* _THE PROBLEM_:
For the entries below, the result should be an exact transcription of the lines from the one with "数据来源:猎头公司九州酷游国" up to and including the one with "6月3日 水中云盆制作中,休憩亭结构现场焊接", and only those.

* _PROVIDED INFORMATION_:
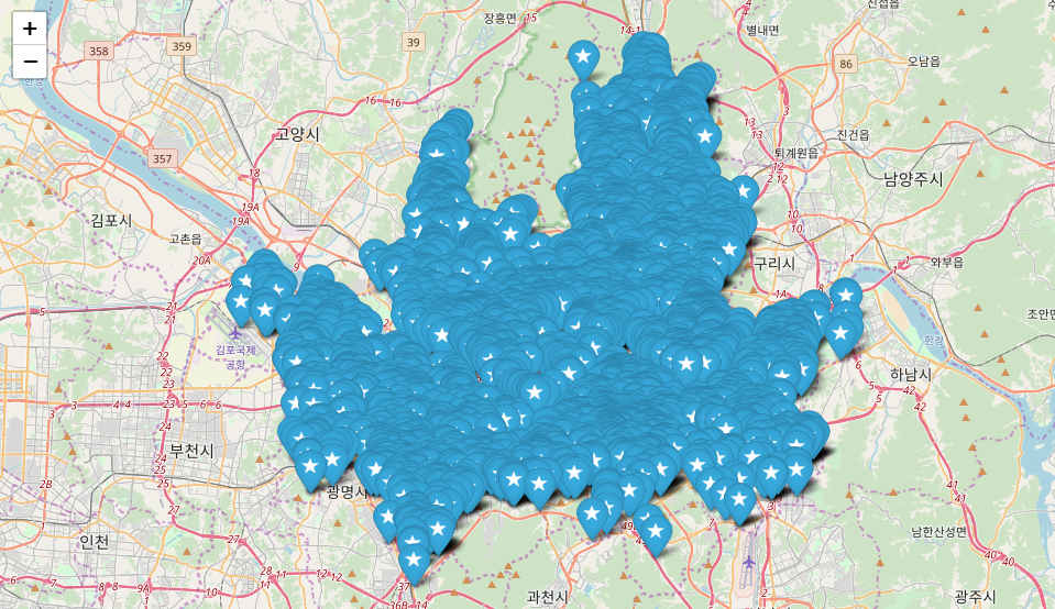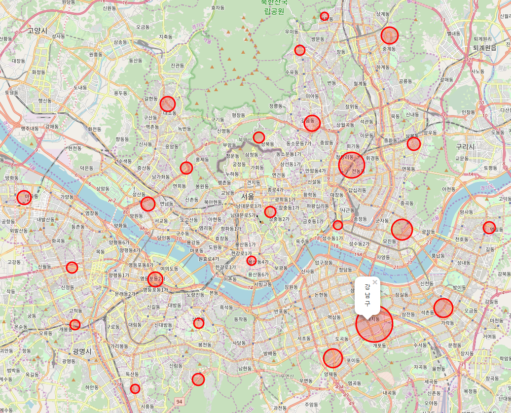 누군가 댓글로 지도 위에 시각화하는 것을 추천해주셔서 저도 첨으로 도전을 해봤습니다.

--

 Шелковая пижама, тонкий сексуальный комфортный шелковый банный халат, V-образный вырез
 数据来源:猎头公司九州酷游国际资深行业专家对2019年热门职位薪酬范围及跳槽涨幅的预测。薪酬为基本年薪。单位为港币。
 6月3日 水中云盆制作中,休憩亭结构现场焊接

* _REPLY_:
 数据来源:猎头公司九州酷游国际资深行业专家对2019年热门职位薪酬范围及跳槽涨幅的预测。薪酬为基本年薪。单位为港币。
 6月3日 水中云盆制作中,休憩亭结构现场焊接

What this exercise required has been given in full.